Also, [http://www.csis.pace.edu/~ctappert/dps/pdf/ai-chess-
deep.pdf](http://www.csis.pace.edu/~ctappert/dps/pdf/ai-chess-deep.pdf) states
that the VLSI chips _" provided most of Deep Blue's computational power."_

That page also answers a question elsewhere on this page about whether
computer+human can beat computer. As long as the computer is imperfect, humans
may be able to analyze and improve it. In particular, Deep Blue had a weakness
that it couldn't learn about. Programmers changed its program to correct for
it:

 _" The rules provided for the developers to modify the program between games,
an opportunity they said they used to shore up weaknesses in the computer's
play revealed during the course of the match.
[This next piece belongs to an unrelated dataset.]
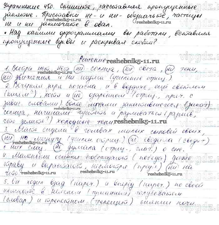 Готовая домашняя работа с ответами по Русскому языку за 7 класс Баранов, Ладыженская, Тростенцова Учебник УМК Просвещение 2015 ФГОС - Упражнения 450

This allowed the computer to
avoid a trap in the final game that it had fallen for twice before."_

------
stolio
Can't find the link but I once saw Carlsen (or maybe Nakamura?) say a computer
miscalculated the value of a pair of pawns in a position. Essentially the
value of the pawns wouldn't become clear until much later in the game and the
heuristic the computer attached to space could overvalue it in certain
circumstances. More common than that is a top player might make a move that
the computer disagrees with until it gets to a depth of 20+ moves when it
suddenly thinks it's THE winning move.

For a really interesting computer vs. computer game see Kingscrusher's
commentary on Houdini vs. Rybka:
[https://www.youtube.com/watch?v=xWdMqvGMxF4](https://www.youtube.com/watch?v=xWdMqvGMxF4)

------
kingkawn
A computer can win chess, not invent it.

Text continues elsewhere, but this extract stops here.